Background information
- Born: Steven John Bator October 22, 1949 Youngstown, Ohio, U.S.
- Died: June 3, 1990 (aged 40) Paris, France
- Genres: Punk rock; new wave; gothic rock; power pop;
- Occupations: Musician, actor
- Instruments: Vocals, guitar, bass
- Years active: 1974–1990
- Labels: Bomp!, Sire
- Formerly of: Dead Boys; The Lords of the New Church; The Wanderers;

= Stiv Bators =

American singer and guitarist (1949–1990)

Steven John Bator (October 22, 1949 – June 3, 1990), known professionally as Stiv Bator and later as Stiv Bators, was an American punk rock vocalist and guitarist from Youngstown, Ohio. He is best remembered for his bands Dead Boys and the Lords of the New Church.

== Early life ==
Stiv Bators was born Steven John Bator on October 22, 1949, in Youngstown, Ohio, to Mr and Mrs. Stephen John Bator Sr. He was of Pennsylvania Dutch and Slovak descent. He was in Catholic school for 12 years.

== Music and film career ==
In the course of his career Bators was involved with a variety of bands (dating back as early as 1969) beyond those for which he was best known, including Mother Goose Band (aka Mother Goose), the Steve Bator Band, Rockin’ Tomatoes, Rocket from the Tombs, Frankenstein (pre Dead Boys), Hormones, with Dennis Comeau and Andre Siva, the Whores of Babylon (with Dee Dee Ramone and Johnny Thunders).
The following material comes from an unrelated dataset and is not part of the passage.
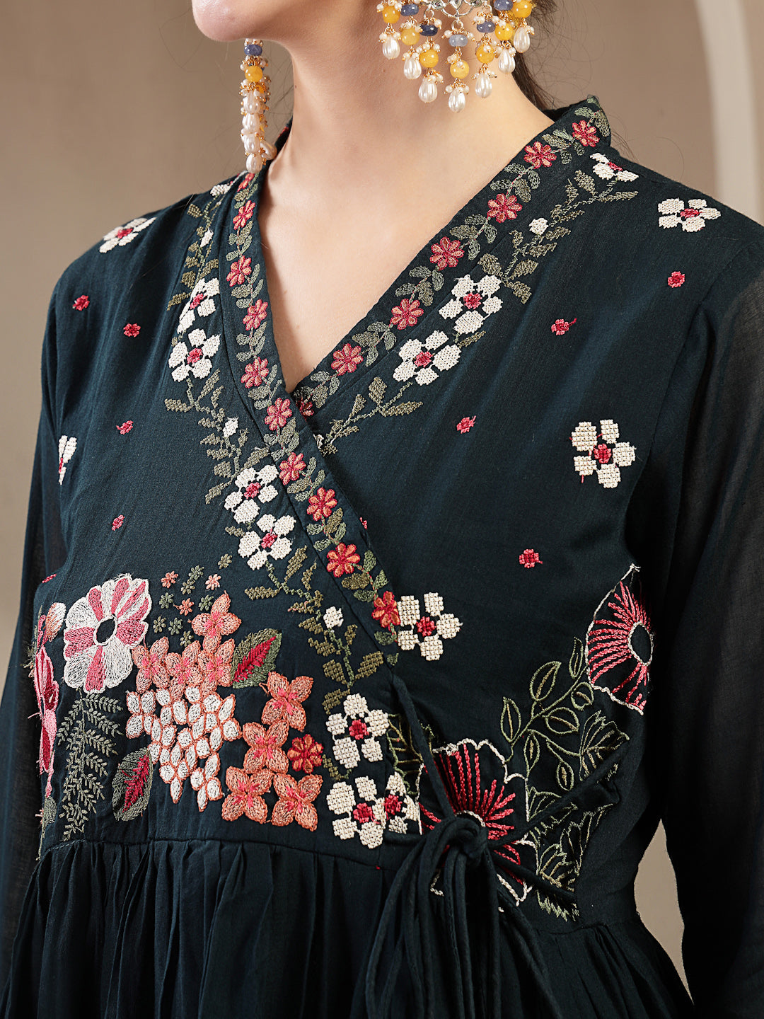 Style and Cut - Top (Flared Solid Embroidered Kurta Set)

He also recorded as a solo artist with Bomp! Records.

As the lead singer and driving force of the Cleveland, Ohio–based Dead Boys, Bators helped pioneer the punk rock sound, look and attitude. The band quickly became a popular staple at CBGB, a music club in New York City's East Village. The Dead Boys were featured in the punk rock films Punking Out (1978), Live at CBGB's (1977) and Crash 'n' Burn (1977).

Following the demise of Dead Boys in 1979, Bators began a tumultuous relationship with Bomp! Records and its president, Greg Shaw. According to Shaw: "[W]hat he craved most was to escape the fetters of his Dead Boy image and win respect as a singer of contemporary pop rock (...) in other words, he wanted to be 'the thinking punk's Eric Carmen.'" To this end, and usually with first-wave punk rock veterans in tow, he recorded several singles, many of which were unreleased, and an LP, Disconnected, which was released in 1980. A retrospective album released in 1994, L.A. L.A., documented Bators' efforts as a pop-punk singer.
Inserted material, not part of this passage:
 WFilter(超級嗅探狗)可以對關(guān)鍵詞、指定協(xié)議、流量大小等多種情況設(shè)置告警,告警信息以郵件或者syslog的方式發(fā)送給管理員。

In 1980, Bators, relocated in London, formed the Wanderers with Dave Tregunna, the bass player for the punk group Sham 69, which had recently disbanded. The Wanderers came up with a concept album, called Only Lovers Left Alive (released in May 1981), along with two singles.

Bators and Tregunna formed the Lords of the New Church in 1981, with Brian James of the Damned. The Lords of the New Church became notorious for their live shows. Inspired by the reckless antics of Iggy Pop, Bators engaged in dangerous onstage behavior with the Dead Boys and later with the Lords of the New Church. The Lords recorded three studio albums with IRS records.

Later, the punk vocalist gained additional exposure through more mainstream film. In 1981, Bators had a small role as "Bobo" in the satirical John Waters film Polyester. In 1988, Bators made a cameo appearance as "Dick Slammer", lead singer of the fictional band the Blender Children, in the offbeat comedy Tapeheads, starring John Cusack and Tim Robbins.

In summer 1985, Bators contributed backing vocals to "Sun City" by Artists United Against Apartheid and also appeared in its music video, shot in October.

The Lords of the New Church broke up in 1989, when Bators injured his back and guitarist Brian James secretly began advertising for a replacement singer. Soon after, Stiv Bators moved to Paris, France and started to work on a new solo album. His last recording sessions were later released posthumously as the Last Race album in 1996.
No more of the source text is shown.